In the first quarter, new license revenues were $1.3 billion, up 25%. Technology new license revenue was $937 million, up 32%. Applications new license revenue was $349 million, up 10%. Software license updates and product support revenue was $3.5 billion, up 11%. Database and middleware revenue was $3.25 billion, up 17%. Applications revenue was $1.48 billion, up 8%. Services revenue was $1.1 billion, up 18%. Revenue from hardware systems products was $1.1 billion, while revenue from hardware system support was $680 million.
For the second quarter, Oracle expects revenue to grow 42% to 47%. Non-GAAP EPS is expected to be $0.45 to $0.47, and GAAP EPS is expected to be $0.28 to $0.30. New software license revenue growth is expected to range from 9% to 19%. Hardware product revenue is expected between $1 billion and $1.1 billion excluding hardware support revenue. The stock is currently trading around $27.49 with market cap of about $138.3 billion. It hit a 52-week high of $27.63 following the earnings announcement.

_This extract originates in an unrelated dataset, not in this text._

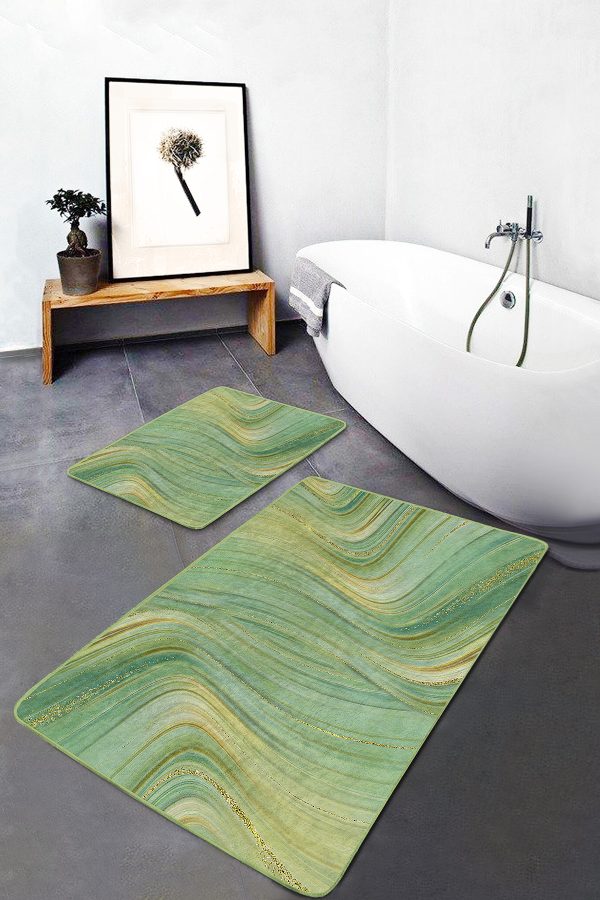 2’li Set Yeşil – Gold Zeminde Altın Motifli Mermer Desenli Sade & Şık Klasik 2’li Banyo & Mutfak Paspas Takımı

Both Mark Hurd and Larry Ellison are great at successfully integrating acquisitions. The integration of Sun’s business is on track. Oracle’s foray into hardware seems to have had some interesting impact on Sun. Since Oracle took over Sun, the latter’s gross margin has improved to 48.4% from 38%. Oracle is targeting a gross margin of 60%. There will be a lot of reorganization and relentless cost cutting. Oracle will be pursuing profits, not just revenues. There are some unprofitable areas of its hardware business that it will not be pursuing. It has cut about 2000 jobs but is also adding 2,000 sales jobs. At the OpenWorld this week, the company is going to introduce more hardware–software combinations.
With the Sun acquisition, Oracle will be competing with HP, which has server-side software and infrastructure software, and IBM, which has infrastructure software. IBM has just announced its plans to buy data analytics company Netezza for $1.7 billion. IBM has been shifting its focus from low-margin “commoditized” computer hardware to high-margin areas like software and services. Analytics accounted for about $9 billion of IBM’s $95.76 billion in revenue last year and is a huge area of growth. HP has also been changing its business mix, with its $13.9 billion EDS acquisition, $2.7 billion acquisition of 3Com and the $1.2 billion Palm acquisition.
Hurd’s job now is to help Oracle topple IBM and HP. Larry Dignan on ZDNet wonders if Oracle and Hurd can do so without services. As I said earlier, Oracle as well as Cisco will eventually need to acquire their own service arms just as HP did earlier by acquiring EDS. Accenture would be a natural fit for Oracle. Maybe Hurd’s first major move at Oracle will be the Accenture acquisition!